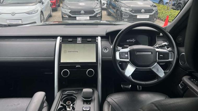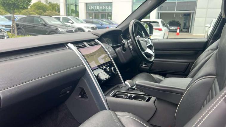 11.4" touchscreen, 3D surround camera, Adaptive cruise control, Android Auto, Apple car play, Blind spot assist, Clear exit monitor, Click and go integrated base unit, Driver condition monitor, Electric power assisted steering (EPAS), Front and rear parking aid, Interactive driver display, Lane keep assist, Power inner tailgate, Powered gesture tailgate/boot lid, Push button start, Rear collision monitor, Rear traffic monitor, Remote, Remote boot release, Service interval indicator, Speed proportional steering, Sportshift selector, Stop/start system, Traffic sign recognition with adaptive speed limiter, Trip computer, Wade Sensing, Adaptive dynamics, Dynamic stability control, Electronic air suspension, Front axle open differential, Twin speed transfer box, Digital Audio Broadcast radio-DAB, Dynamic volume control, Meridian surround sound system - 14 speaker + subwoofer, 18 channel amplifier, 700W, Pivi pro connected, USB/aux input socket, Acoustic laminated windscreen, Animated directional indicators, Auto dimming interior rear view mirror, Automatic headlight levelling, Automatic headlights, Body colour bumpers, Body colour door handles, Centre high mounted stop light, Electric windows with one touch open/close and anti-trap, Front fog lights, Headlight power wash, Heated rear window, Heated windscreen, LED desaturated signature tail lights, Matrix LED headlights with signature DRL, Metal treadplates with R-Dynamic branding, Narvik black Discovery script, P360 badge, Power fold, auto-dimming, heated door mirrors with memory and approach lights, Puddle lights, Rain sensing windscreen wipers, Rear fog lights, Rear wash/wipe, Sliding front sunroof and fixed rear panoramic roof, Trailer stability assist, Variable intermittent wiper, 12V power sockets, 12V USB charging socket in loadspace, Central hinged twin lidded storage, Ebony morzine headlining, Electric adjustable steering column, First and second row door bins, Footwell lights, Front and rear 12V with front USB, Front passenger seat isofix location point, In-facia storage, Loadspace cover, Loadspace Hook, Loadspace light, Lockable glovebox, Lower centre console storage, Luggage tie downs in loadspace, Multi function steering wheel, Overhead lighting console, Premium cabin lighting, Premium carpet mats, Rear ISOFIX, Shopping bag hook, Storage glovebox, Sunvisors with illuminated vanity mirrors, Third row storage, Twin front cupholders with cover, USB with 12V socket in centre console, Online pack with data plan - Discovery, R-Dynamic black exterior pack - Discovery, 3x3 point rear seatbelts, Anti-lock braking system (ABS), Brake pre-fill technology, Cornering brake control, Curtain airbags, Customer configurable autolock, Driver and passenger airbags, EBD - Electronic brakeforce distribution, Electronic traction control, Emergency brake assist, Emergency braking, ESP, Front side airbags, Gradient acceleration control, Hill descent control, Hill launch assist, Power operated child locks, Rear airbags, Roll stability control, Seat belt reminder, Torque vectoring brake, Tyre pressure monitoring system, Immobiliser, Intrusion sensor, Keyless entry, Locking wheel nuts, Remote central locking, All terrain tyres,
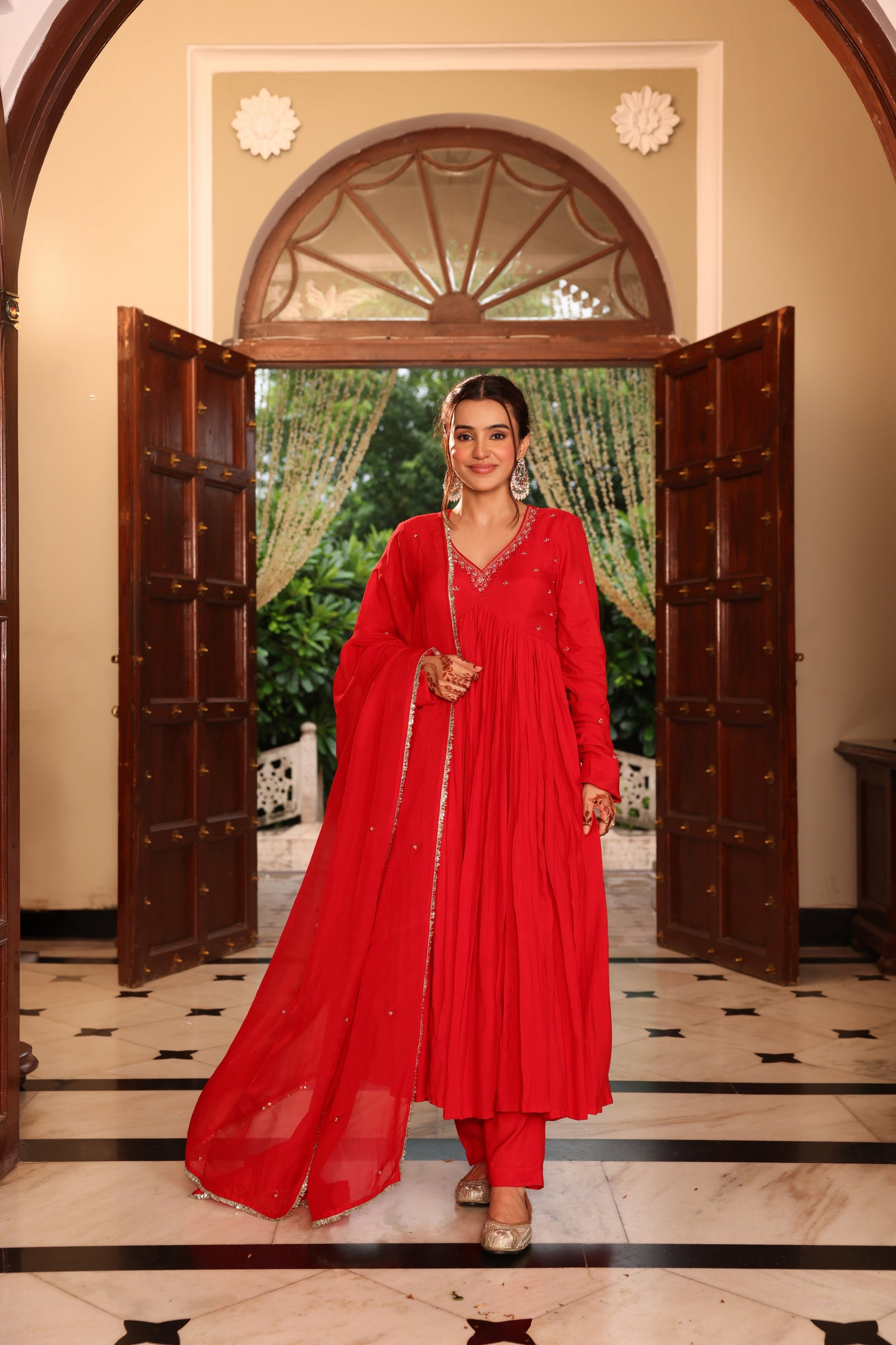 - Details: Anarkali Length-48'', Pant-38 Length-'', Sleeve Length 33 (Chooridar), Dupatta-2.5 mtr
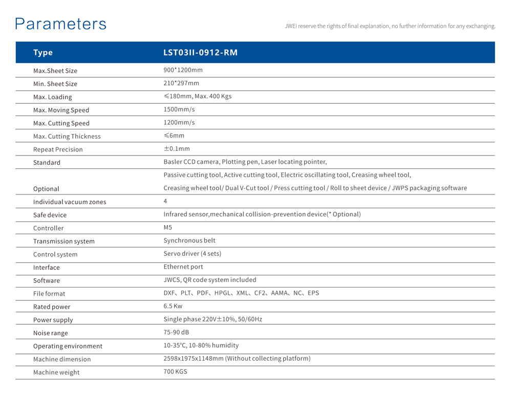 Design originale 1° al mondo, integrato con utensile da taglio, rotella di cordonatura, penna per tracciatura e sistema di registrazione CCD, serie JWEI LST03 taglia digitalmente etichette di qualsiasi forma, scatoloni pieghevoli di qualsiasi struttura direttamente dai tuoi disegni originali. Progettata per la produzione on-demand a basse tirature, la serie LST03 è altamente automatizzata dalla funzione di riconoscimento del codice QR per il recupero automatico del file di taglio. Solo 15-70 secondi per finire un foglio A3-B2 (dipende dalla complessità delle forme).
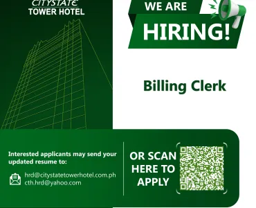 Citystate Tower Hotel is seeking a capable billing clerk who is ready to bring their expertise and enthusiasm to our vibrant team!

WHAT TO PRODUCE
Set down the data again, exactly, without images.

RESPONSE AREA
 11.4" touchscreen, 3D surround camera, Adaptive cruise control, Android Auto, Apple car play, Blind spot assist, Clear exit monitor, Click and go integrated base unit, Driver condition monitor, Electric power assisted steering (EPAS), Front and rear parking aid, Interactive driver display, Lane keep assist, Power inner tailgate, Powered gesture tailgate/boot lid, Push button start, Rear collision monitor, Rear traffic monitor, Remote, Remote boot release, Service interval indicator, Speed proportional steering, Sportshift selector, Stop/start system, Traffic sign recognition with adaptive speed limiter, Trip computer, Wade Sensing, Adaptive dynamics, Dynamic stability control, Electronic air suspension, Front axle open differential, Twin speed transfer box, Digital Audio Broadcast radio-DAB, Dynamic volume control, Meridian surround sound system - 14 speaker + subwoofer, 18 channel amplifier, 700W, Pivi pro connected, USB/aux input socket, Acoustic laminated windscreen, Animated directional indicators, Auto dimming interior rear view mirror, Automatic headlight levelling, Automatic headlights, Body colour bumpers, Body colour door handles, Centre high mounted stop light, Electric windows with one touch open/close and anti-trap, Front fog lights, Headlight power wash, Heated rear window, Heated windscreen, LED desaturated signature tail lights, Matrix LED headlights with signature DRL, Metal treadplates with R-Dynamic branding, Narvik black Discovery script, P360 badge, Power fold, auto-dimming, heated door mirrors with memory and approach lights, Puddle lights, Rain sensing windscreen wipers, Rear fog lights, Rear wash/wipe, Sliding front sunroof and fixed rear panoramic roof, Trailer stability assist, Variable intermittent wiper, 12V power sockets, 12V USB charging socket in loadspace, Central hinged twin lidded storage, Ebony morzine headlining, Electric adjustable steering column, First and second row door bins, Footwell lights, Front and rear 12V with front USB, Front passenger seat isofix location point, In-facia storage, Loadspace cover, Loadspace Hook, Loadspace light, Lockable glovebox, Lower centre console storage, Luggage tie downs in loadspace, Multi function steering wheel, Overhead lighting console, Premium cabin lighting, Premium carpet mats, Rear ISOFIX, Shopping bag hook, Storage glovebox, Sunvisors with illuminated vanity mirrors, Third row storage, Twin front cupholders with cover, USB with 12V socket in centre console, Online pack with data plan - Discovery, R-Dynamic black exterior pack - Discovery, 3x3 point rear seatbelts, Anti-lock braking system (ABS), Brake pre-fill technology, Cornering brake control, Curtain airbags, Customer configurable autolock, Driver and passenger airbags, EBD - Electronic brakeforce distribution, Electronic traction control, Emergency brake assist, Emergency braking, ESP, Front side airbags, Gradient acceleration control, Hill descent control, Hill launch assist, Power operated child locks, Rear airbags, Roll stability control, Seat belt reminder, Torque vectoring brake, Tyre pressure monitoring system, Immobiliser, Intrusion sensor, Keyless entry, Locking wheel nuts, Remote central locking, All terrain tyres,
 - Details: Anarkali Length-48'', Pant-38 Length-'', Sleeve Length 33 (Chooridar), Dupatta-2.5 mtr
 Design originale 1° al mondo, integrato con utensile da taglio, rotella di cordonatura, penna per tracciatura e sistema di registrazione CCD, serie JWEI LST03 taglia digitalmente etichette di qualsiasi forma, scatoloni pieghevoli di qualsiasi struttura direttamente dai tuoi disegni originali. Progettata per la produzione on-demand a basse tirature, la serie LST03 è altamente automatizzata dalla funzione di riconoscimento del codice QR per il recupero automatico del file di taglio. Solo 15-70 secondi per finire un foglio A3-B2 (dipende dalla complessità delle forme).
 Citystate Tower Hotel is seeking a capable billing clerk who is ready to bring their expertise and enthusiasm to our vibrant team!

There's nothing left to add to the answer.